## EXERCISE GOAL
Retype the material that follows exactly, limited to the lines from the one with "今日は、ポークビーンズにスライスパン。" through the one with "リネアちゃんは、綺麗なハチワ", and keep out all pictures.

*** Opening of SOURCE MATERIAL ***

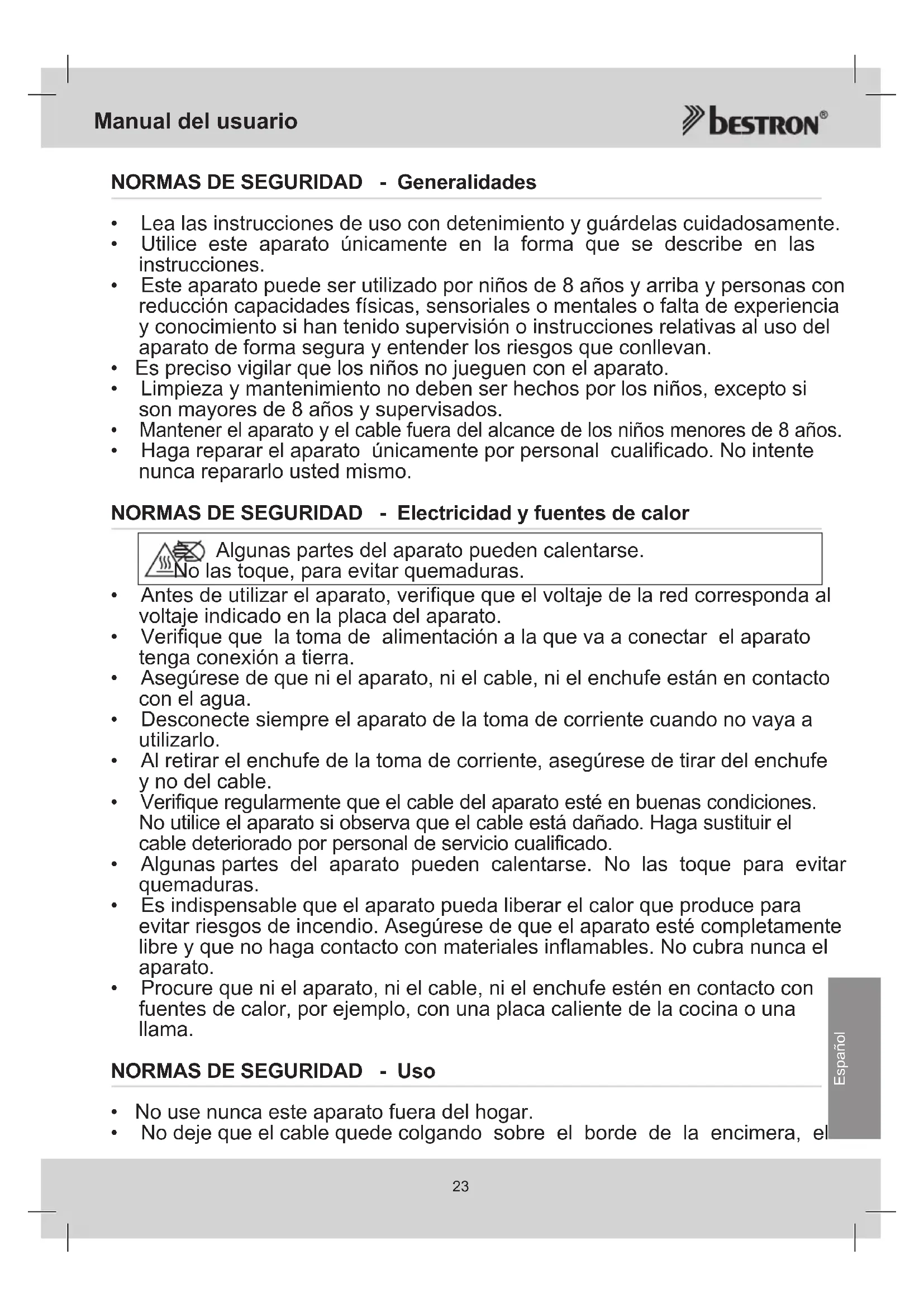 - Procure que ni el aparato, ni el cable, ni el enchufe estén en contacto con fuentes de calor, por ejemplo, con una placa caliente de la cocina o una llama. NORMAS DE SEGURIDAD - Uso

*** Close of SOURCE MATERIAL ***
*** Opening of SOURCE MATERIAL ***

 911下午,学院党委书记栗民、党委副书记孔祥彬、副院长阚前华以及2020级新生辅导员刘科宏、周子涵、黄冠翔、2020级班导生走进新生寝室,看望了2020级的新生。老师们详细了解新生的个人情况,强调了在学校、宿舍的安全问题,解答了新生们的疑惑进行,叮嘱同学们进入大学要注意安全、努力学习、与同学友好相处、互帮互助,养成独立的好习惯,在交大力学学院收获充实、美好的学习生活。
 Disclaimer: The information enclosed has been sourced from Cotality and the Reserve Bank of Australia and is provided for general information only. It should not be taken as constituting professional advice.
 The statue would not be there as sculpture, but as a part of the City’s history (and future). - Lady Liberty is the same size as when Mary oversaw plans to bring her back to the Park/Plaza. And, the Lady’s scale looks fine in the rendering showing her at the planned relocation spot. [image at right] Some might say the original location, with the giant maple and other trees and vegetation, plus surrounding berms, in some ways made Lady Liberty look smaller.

*** Close of SOURCE MATERIAL ***
*** Opening of SOURCE MATERIAL ***

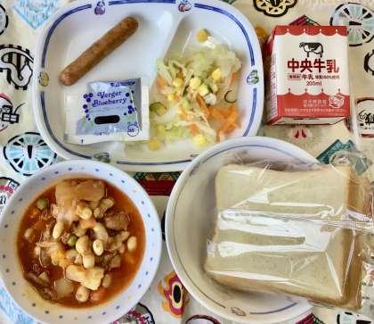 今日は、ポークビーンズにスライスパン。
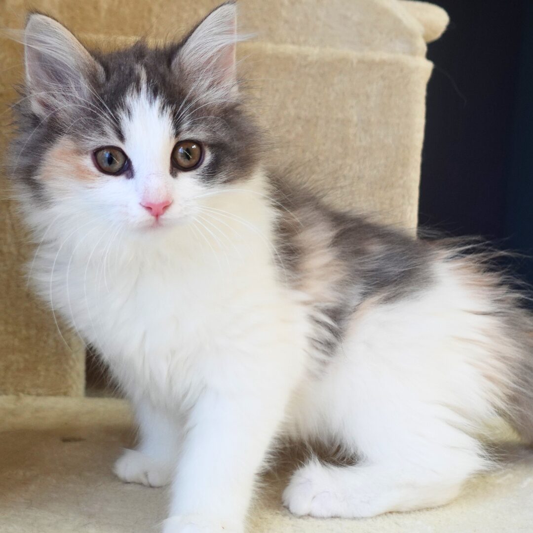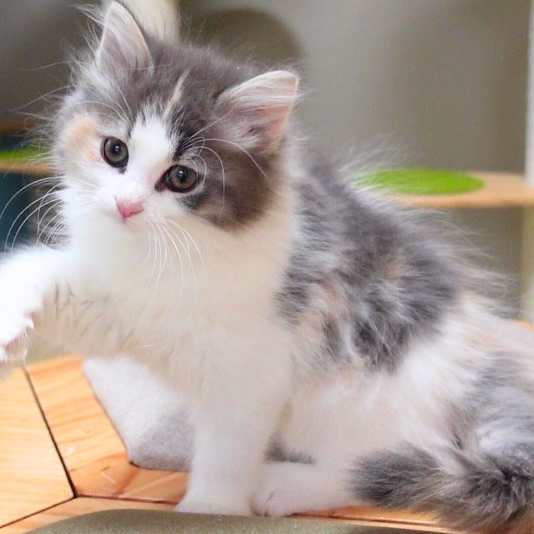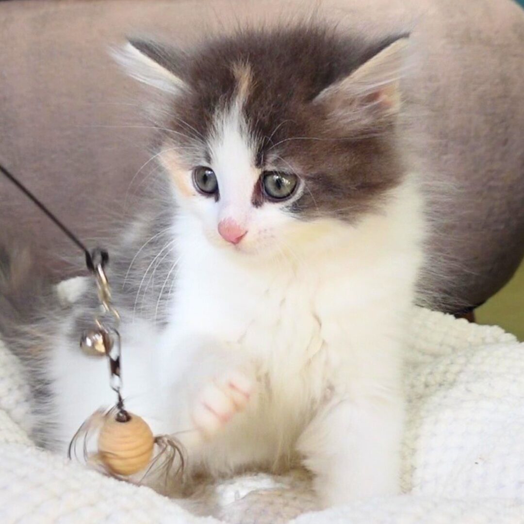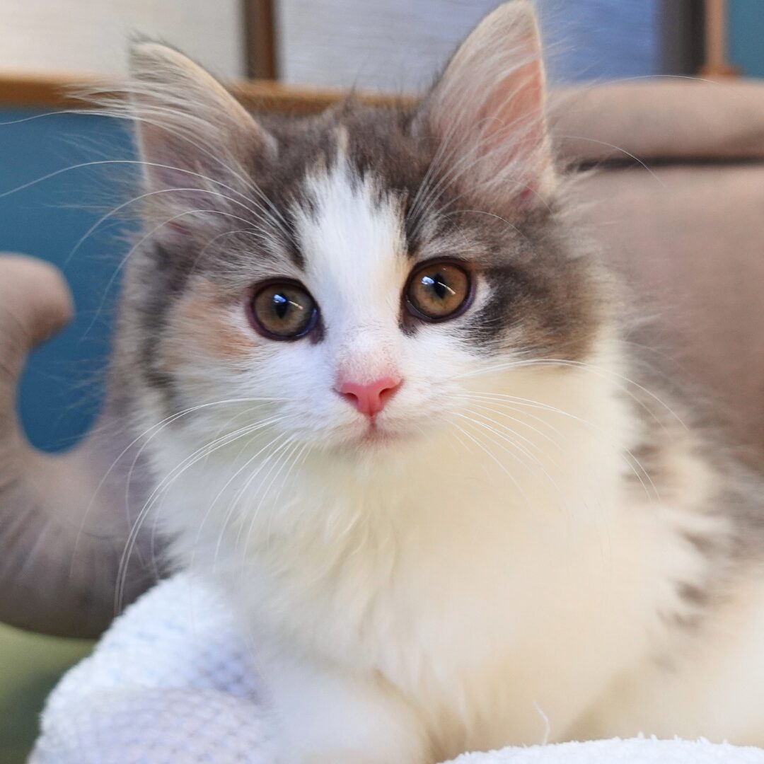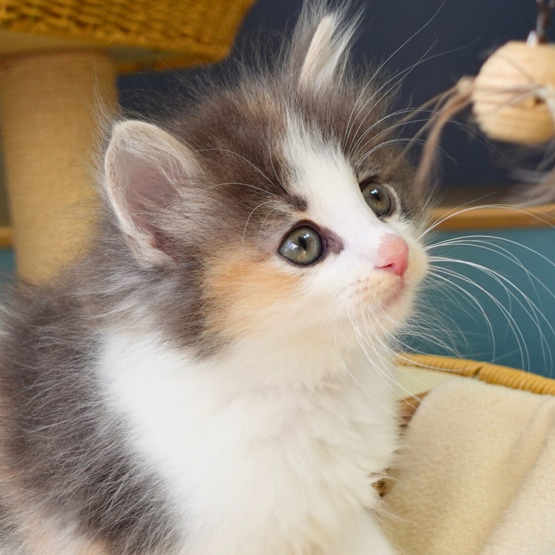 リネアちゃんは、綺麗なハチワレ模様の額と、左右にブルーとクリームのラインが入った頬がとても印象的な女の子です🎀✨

*** Close of SOURCE MATERIAL ***

## RESULT
 今日は、ポークビーンズにスライスパン。
 リネアちゃんは、綺麗なハチワレ模様の額と、左右にブルーとクリームのラインが入った頬がとても印象的な女の子です🎀✨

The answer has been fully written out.